Sunday, November 6, 2011

Daylight Savings Time..

Today was a rough one for us. I thought I would love gaining that hour but I woke up feeling more tired than ever. It could be because no matter what the clocks says, my children woke up at their normal 7:30 am. The clock read 6:30 am but that made no difference to them. So we started our day early and got off to a great start but for some reason, motivation was lacking for me this morning. I did the best I could to get everyone breakfast at a decent time. My husband had to work again today so it was just me and the kids. They seem to be full of energy but it is something that is missing for me today.

How do you keep up with littles while being pregnant? That is one secret that I am craving to know. I feel so blessed to be able to mother such wonderful kids. I see them growing such a heart for the Lord. Madison last night told Aiden, "Aiden, you need to know God". It was so cute. All I could do is smile.

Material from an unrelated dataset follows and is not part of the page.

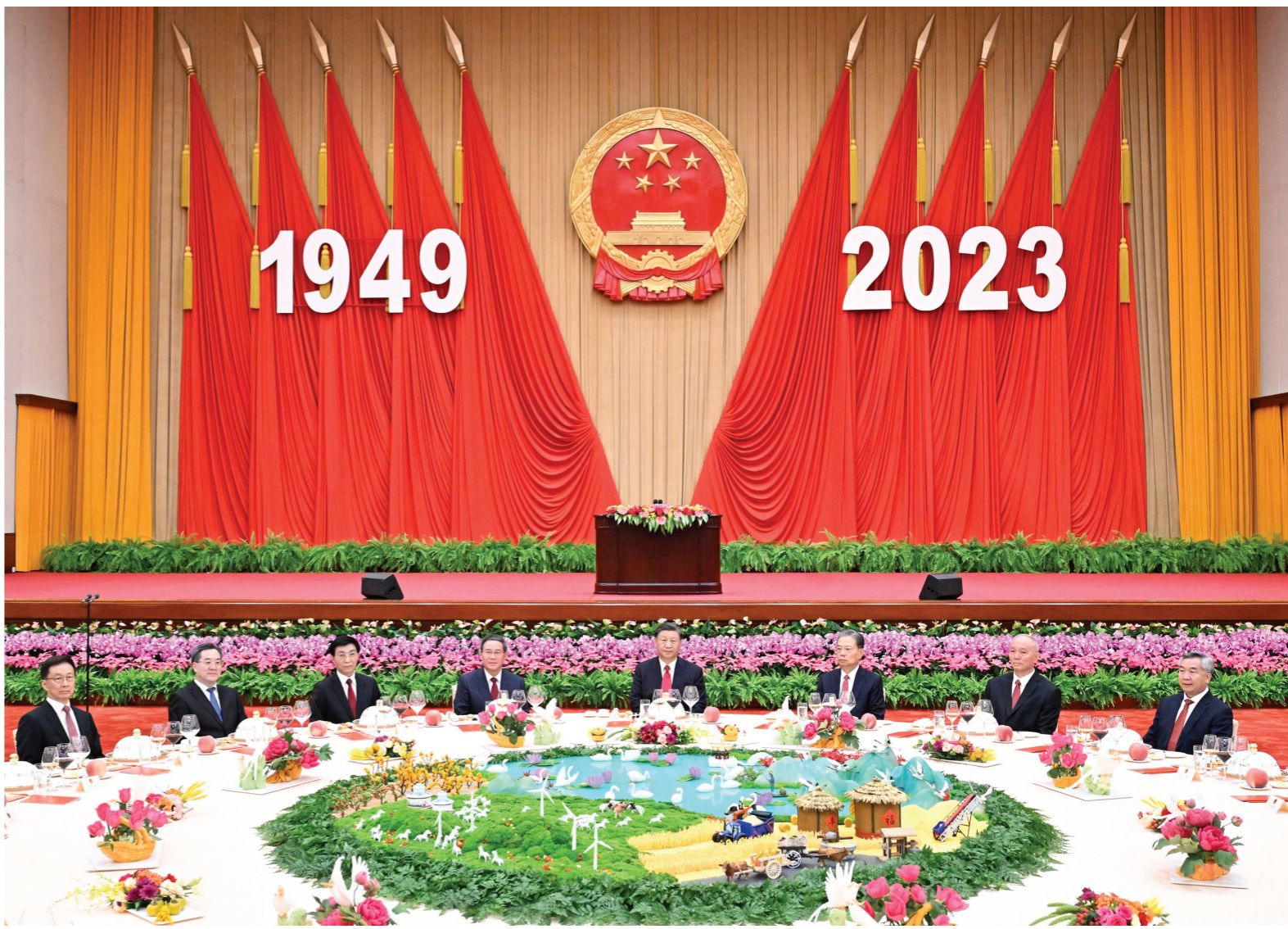
▶习近平、李强、赵乐际、王沪宁、蔡奇、丁薛祥、李希、韩正等党和国家领导人与中外人士欢聚一堂,共庆中华人民共和国华诞。

新华社北京9月28日电 庆祝中华人民共和国成立74周年招待会28日晚在人民大会堂举行。中共中央总书记、国家主席、中央军委主席习近平出席招待会并发表重要讲话。他强调,新征程上,我们的前途一片光明。团结就是力量,信心赛过黄金。我们要坚定信心,振奋精神,团结奋斗,继续爬坡过坎、攻坚克难,坚定不移朝着强国建设、民族复兴的宏伟目标奋勇前进。

I'm starting to feel a little nervous as I get farther along about how I'm going to be able to manage my house, keep that upbeat attitude, and raise multiple littles. I tell myself every morning that God never gives me more that He can handle. I trust in Him and the plan He has for us. I know that I can either be stressed about having 2 babies at once or I can embrace it with joy. It's funny how I get down sometimes (probably just the hormones) but then the moment someone asks me, "are you planning on having more children?", I get this lifted spirit and start defending our choices.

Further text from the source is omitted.